Top of Information shown

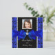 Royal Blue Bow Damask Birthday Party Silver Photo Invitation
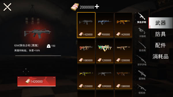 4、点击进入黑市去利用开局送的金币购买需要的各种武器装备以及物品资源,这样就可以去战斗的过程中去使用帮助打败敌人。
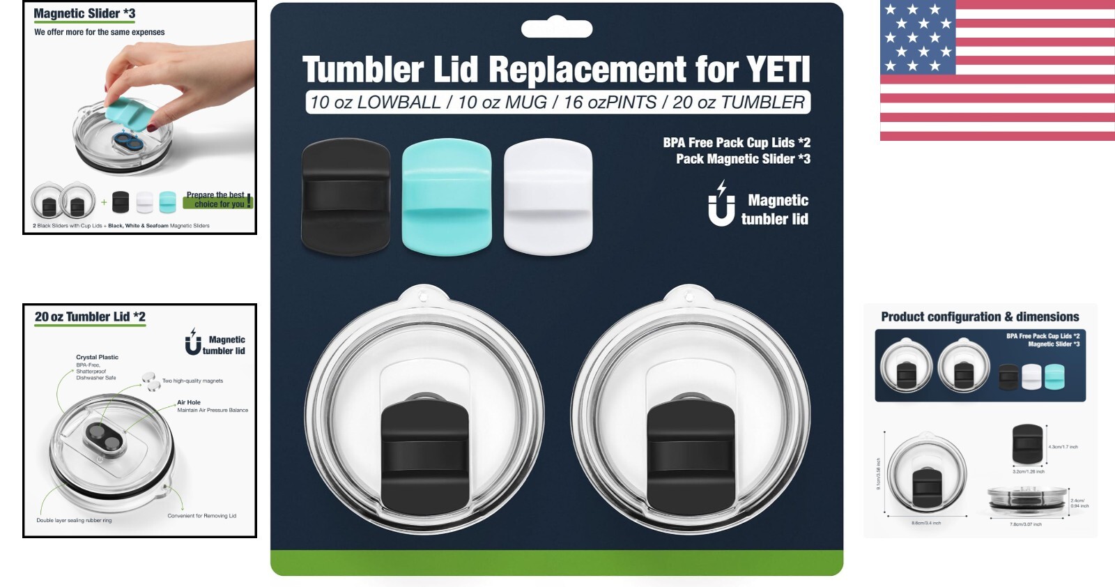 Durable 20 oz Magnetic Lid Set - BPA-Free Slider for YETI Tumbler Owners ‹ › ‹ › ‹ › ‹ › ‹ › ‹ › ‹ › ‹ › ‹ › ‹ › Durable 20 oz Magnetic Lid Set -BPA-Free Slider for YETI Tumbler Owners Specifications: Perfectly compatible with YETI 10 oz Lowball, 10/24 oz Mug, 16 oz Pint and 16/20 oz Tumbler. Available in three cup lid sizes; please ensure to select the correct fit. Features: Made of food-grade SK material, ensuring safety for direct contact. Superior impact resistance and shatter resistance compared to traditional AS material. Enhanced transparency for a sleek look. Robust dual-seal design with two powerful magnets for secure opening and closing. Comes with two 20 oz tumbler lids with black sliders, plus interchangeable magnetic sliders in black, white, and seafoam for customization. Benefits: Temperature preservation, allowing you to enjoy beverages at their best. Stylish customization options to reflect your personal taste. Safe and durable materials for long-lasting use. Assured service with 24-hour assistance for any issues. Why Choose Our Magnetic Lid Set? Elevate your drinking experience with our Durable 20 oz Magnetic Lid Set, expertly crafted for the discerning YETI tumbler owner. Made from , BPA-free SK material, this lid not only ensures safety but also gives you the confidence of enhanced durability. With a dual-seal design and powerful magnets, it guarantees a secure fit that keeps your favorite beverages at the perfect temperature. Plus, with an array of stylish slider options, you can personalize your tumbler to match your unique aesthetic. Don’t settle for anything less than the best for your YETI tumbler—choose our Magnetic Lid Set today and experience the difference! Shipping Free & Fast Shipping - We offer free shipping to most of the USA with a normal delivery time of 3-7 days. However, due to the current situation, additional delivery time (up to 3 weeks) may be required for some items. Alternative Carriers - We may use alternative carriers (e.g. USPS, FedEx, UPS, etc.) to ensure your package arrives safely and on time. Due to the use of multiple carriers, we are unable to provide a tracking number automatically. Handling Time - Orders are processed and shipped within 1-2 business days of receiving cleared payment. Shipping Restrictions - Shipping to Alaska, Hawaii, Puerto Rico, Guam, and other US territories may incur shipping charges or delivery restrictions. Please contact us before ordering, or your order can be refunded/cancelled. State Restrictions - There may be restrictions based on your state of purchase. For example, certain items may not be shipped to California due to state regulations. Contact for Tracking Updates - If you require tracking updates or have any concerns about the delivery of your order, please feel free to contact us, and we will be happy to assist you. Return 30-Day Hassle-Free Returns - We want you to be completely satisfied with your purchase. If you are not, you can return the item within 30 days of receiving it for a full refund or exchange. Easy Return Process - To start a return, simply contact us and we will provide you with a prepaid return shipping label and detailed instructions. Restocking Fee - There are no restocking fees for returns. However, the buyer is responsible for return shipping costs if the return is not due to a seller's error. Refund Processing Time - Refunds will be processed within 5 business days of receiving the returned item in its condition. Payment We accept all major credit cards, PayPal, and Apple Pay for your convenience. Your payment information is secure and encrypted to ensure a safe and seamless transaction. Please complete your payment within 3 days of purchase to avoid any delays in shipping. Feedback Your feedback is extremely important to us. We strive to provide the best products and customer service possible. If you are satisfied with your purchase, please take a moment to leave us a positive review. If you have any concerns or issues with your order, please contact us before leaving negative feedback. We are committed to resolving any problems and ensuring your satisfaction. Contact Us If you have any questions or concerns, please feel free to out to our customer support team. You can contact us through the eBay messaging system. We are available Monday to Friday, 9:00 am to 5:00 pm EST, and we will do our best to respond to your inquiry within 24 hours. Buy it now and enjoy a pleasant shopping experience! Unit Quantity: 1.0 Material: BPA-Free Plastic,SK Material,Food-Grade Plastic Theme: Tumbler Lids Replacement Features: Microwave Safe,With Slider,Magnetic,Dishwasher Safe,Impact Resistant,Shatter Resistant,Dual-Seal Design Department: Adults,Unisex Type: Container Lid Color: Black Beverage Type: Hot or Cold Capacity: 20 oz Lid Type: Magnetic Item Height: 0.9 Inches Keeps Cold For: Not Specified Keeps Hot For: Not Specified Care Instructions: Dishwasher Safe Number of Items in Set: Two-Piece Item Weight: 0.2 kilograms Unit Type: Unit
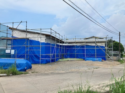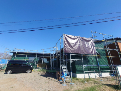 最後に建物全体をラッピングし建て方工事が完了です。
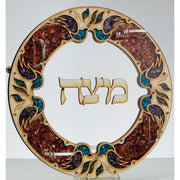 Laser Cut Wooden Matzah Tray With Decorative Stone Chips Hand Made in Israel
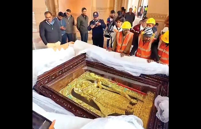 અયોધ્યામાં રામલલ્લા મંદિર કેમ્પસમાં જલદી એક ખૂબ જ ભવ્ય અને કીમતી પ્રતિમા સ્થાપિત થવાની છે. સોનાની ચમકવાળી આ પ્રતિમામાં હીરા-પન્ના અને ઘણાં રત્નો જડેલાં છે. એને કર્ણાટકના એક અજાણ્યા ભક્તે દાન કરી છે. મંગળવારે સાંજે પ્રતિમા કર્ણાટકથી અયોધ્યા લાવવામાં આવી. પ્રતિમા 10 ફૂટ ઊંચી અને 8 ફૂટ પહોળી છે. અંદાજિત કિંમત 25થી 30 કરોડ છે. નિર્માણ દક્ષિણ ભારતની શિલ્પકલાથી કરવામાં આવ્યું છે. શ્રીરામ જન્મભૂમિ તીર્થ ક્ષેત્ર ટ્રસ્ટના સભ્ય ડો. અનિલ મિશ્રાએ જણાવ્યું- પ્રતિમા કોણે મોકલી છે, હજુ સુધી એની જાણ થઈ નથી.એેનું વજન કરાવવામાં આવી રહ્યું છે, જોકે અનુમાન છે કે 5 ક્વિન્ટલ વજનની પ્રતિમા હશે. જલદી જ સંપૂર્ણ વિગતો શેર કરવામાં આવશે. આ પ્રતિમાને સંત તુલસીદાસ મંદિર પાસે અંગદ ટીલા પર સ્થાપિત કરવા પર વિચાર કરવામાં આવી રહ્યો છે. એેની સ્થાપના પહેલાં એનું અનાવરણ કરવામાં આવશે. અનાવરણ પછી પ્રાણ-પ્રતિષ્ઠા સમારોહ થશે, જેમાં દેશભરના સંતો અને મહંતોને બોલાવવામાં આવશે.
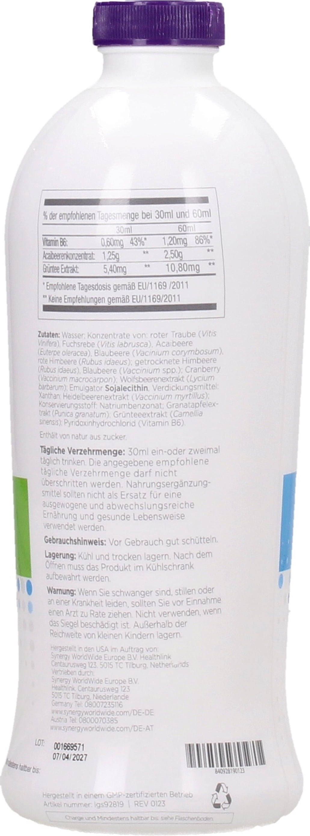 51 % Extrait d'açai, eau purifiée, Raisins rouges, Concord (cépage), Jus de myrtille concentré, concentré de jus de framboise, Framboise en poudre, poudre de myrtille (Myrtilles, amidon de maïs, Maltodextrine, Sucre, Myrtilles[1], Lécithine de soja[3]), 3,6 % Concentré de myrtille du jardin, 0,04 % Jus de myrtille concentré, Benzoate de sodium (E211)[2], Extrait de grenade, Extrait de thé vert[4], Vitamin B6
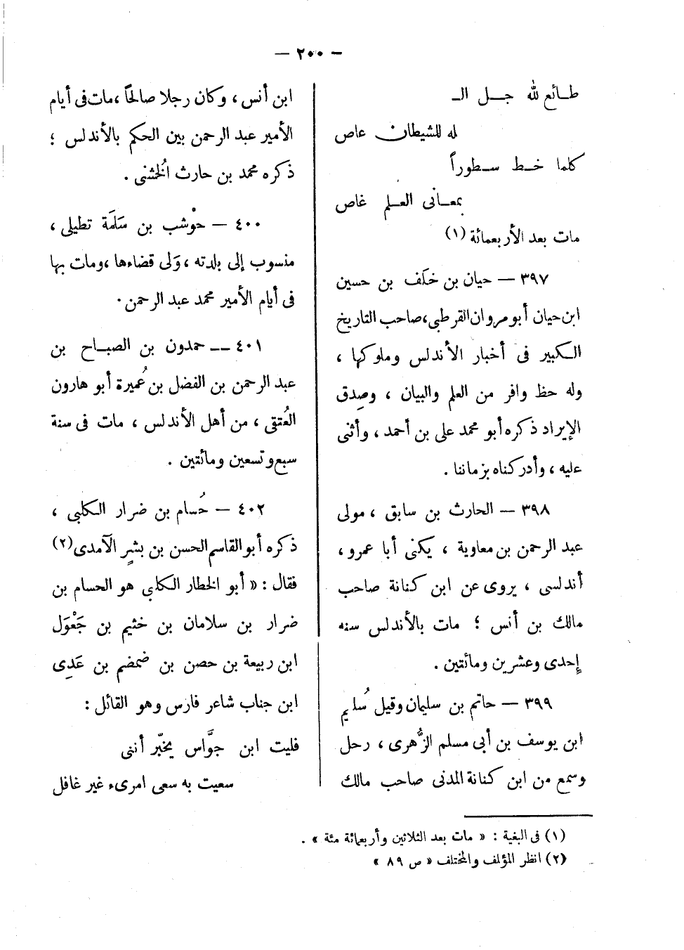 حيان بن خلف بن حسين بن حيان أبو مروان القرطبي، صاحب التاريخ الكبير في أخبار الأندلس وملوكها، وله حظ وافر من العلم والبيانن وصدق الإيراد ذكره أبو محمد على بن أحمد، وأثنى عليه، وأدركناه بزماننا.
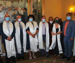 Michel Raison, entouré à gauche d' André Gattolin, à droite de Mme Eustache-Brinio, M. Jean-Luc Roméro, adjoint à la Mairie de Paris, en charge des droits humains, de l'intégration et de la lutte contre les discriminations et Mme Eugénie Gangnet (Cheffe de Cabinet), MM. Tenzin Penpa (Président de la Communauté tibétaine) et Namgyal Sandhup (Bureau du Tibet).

Bottom of Information shown

* Exercise
Leaving out the pictures, print each line of the records above from the first up to and including the one that contains "4、点击进入黑市去利用开局送", exactly as written.

* Answer to the problem
 Royal Blue Bow Damask Birthday Party Silver Photo Invitation
 4、点击进入黑市去利用开局送的金币购买需要的各种武器装备以及物品资源,这样就可以去战斗的过程中去使用帮助打败敌人。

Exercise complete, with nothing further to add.